[What the task requires]
Lines from the one containing "Su caso no es" through the end of the listing are what is wanted, given again exactly with both ends included and pictures left out.

[Recorded information]

□ □ □

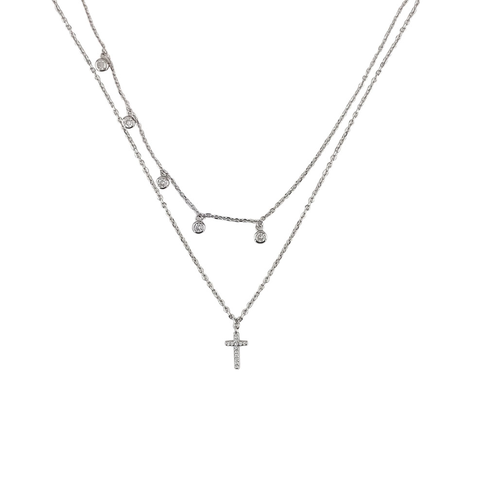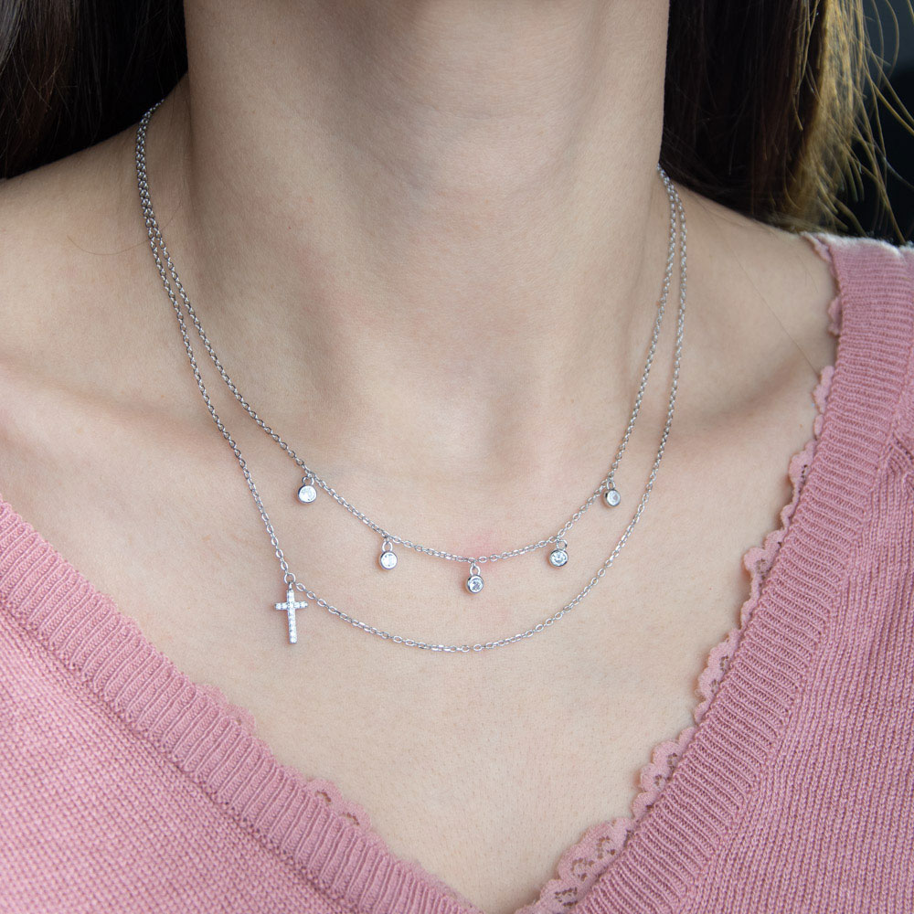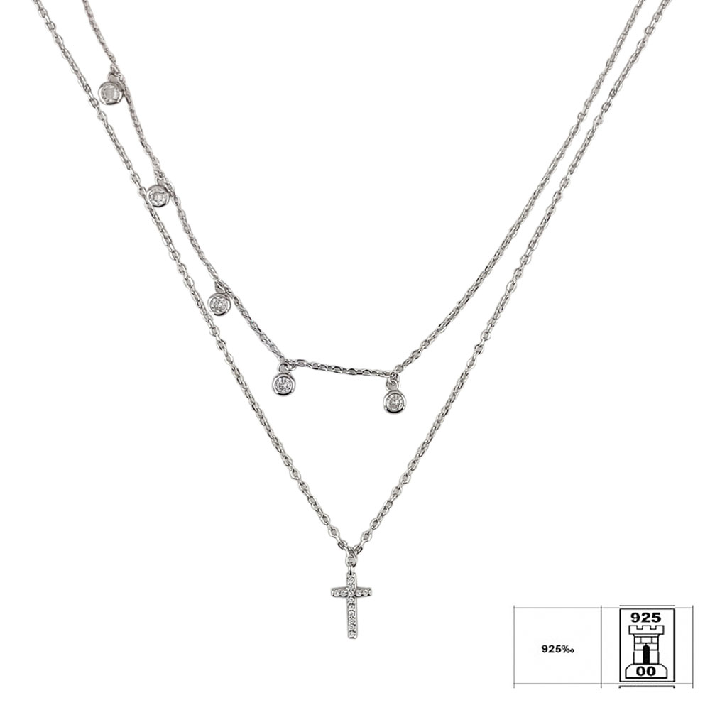 Exprima-ti eleganta si stilul unic alegand un lant dublu din argint 925 cu pandantiv in forma de cruciulita decorata cu zirconii albe. Conceput pentru femeile rafinate, acest accesoriu pretios imbina designul modern cu delicatetea specifica bijuteriilor din argint. Produsul are doua lanturi de lungimi diferite (41 cm si 43 cm), oferind un efect estetic special si elegant la purtare.
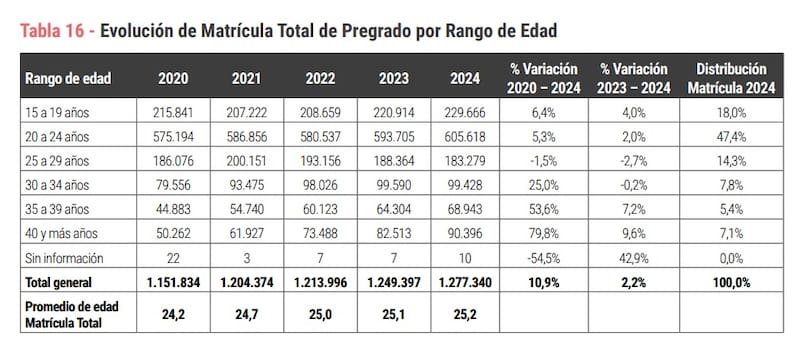 Su caso no es único. Según datos del Servicio de Información de Educación Superior (SIES) de la Subsecretaría de Educación Superior, el número de estudiantes de pregrado mayores de 30 años ha crecido de forma significativa en los últimos años. Solo entre los alumnos entre 30 y 34 años la cantidad de matriculados aumentó 23,8% entre 2015 y 2024, mientras que aquellos entre 35 y 39 años aumentaron 73,3%.
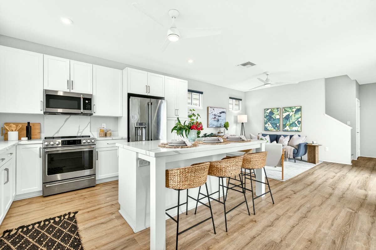Welcome to the highly sought-after Ka’ulu neighborhood! This newer 3-bed, 2.5-bath single-family home offers 1,673 sq ft of thoughtfully designed living space, blending modern style, privacy & energy efficiency. The open-concept layout features 9-ft ceilings, luxury vinyl plank flooring throughout, custom tile work, and a versatile BONUS LOFT. The kitchen is a true standout with white shaker cabinetry, quartz counters, and upgraded GE Café appliances, perfect for everyday living and entertaining. All the upgrades have been made--move right in! Enjoy peace of mind with leased PV SOLAR and TESLA POWERWALL battery backup, helping reduce electricity costs while powering the home’s central A/C. Ideally situated on a CORNER LOT along a greenbelt with only five neighboring homes, the property offers added privacy with no neighbors on one side. The beautifully landscaped yard has been professionally designed with an upgraded sprinkler system, stepping stones, lush tropical plants, and two finished concrete lanais- perfect for entertaining! Unwind in the DELUXE JACUZZI in your private, fenced backyard retreat. Conveniently located just minutes from H-1, with easy access to beaches, shopping, & dining in the growing “Second City” of Kapolei.

□ □ □

[Task response]
 Su caso no es único. Según datos del Servicio de Información de Educación Superior (SIES) de la Subsecretaría de Educación Superior, el número de estudiantes de pregrado mayores de 30 años ha crecido de forma significativa en los últimos años. Solo entre los alumnos entre 30 y 34 años la cantidad de matriculados aumentó 23,8% entre 2015 y 2024, mientras que aquellos entre 35 y 39 años aumentaron 73,3%.
Welcome to the highly sought-after Ka’ulu neighborhood! This newer 3-bed, 2.5-bath single-family home offers 1,673 sq ft of thoughtfully designed living space, blending modern style, privacy & energy efficiency. The open-concept layout features 9-ft ceilings, luxury vinyl plank flooring throughout, custom tile work, and a versatile BONUS LOFT. The kitchen is a true standout with white shaker cabinetry, quartz counters, and upgraded GE Café appliances, perfect for everyday living and entertaining. All the upgrades have been made--move right in! Enjoy peace of mind with leased PV SOLAR and TESLA POWERWALL battery backup, helping reduce electricity costs while powering the home’s central A/C. Ideally situated on a CORNER LOT along a greenbelt with only five neighboring homes, the property offers added privacy with no neighbors on one side. The beautifully landscaped yard has been professionally designed with an upgraded sprinkler system, stepping stones, lush tropical plants, and two finished concrete lanais- perfect for entertaining! Unwind in the DELUXE JACUZZI in your private, fenced backyard retreat. Conveniently located just minutes from H-1, with easy access to beaches, shopping, & dining in the growing “Second City” of Kapolei.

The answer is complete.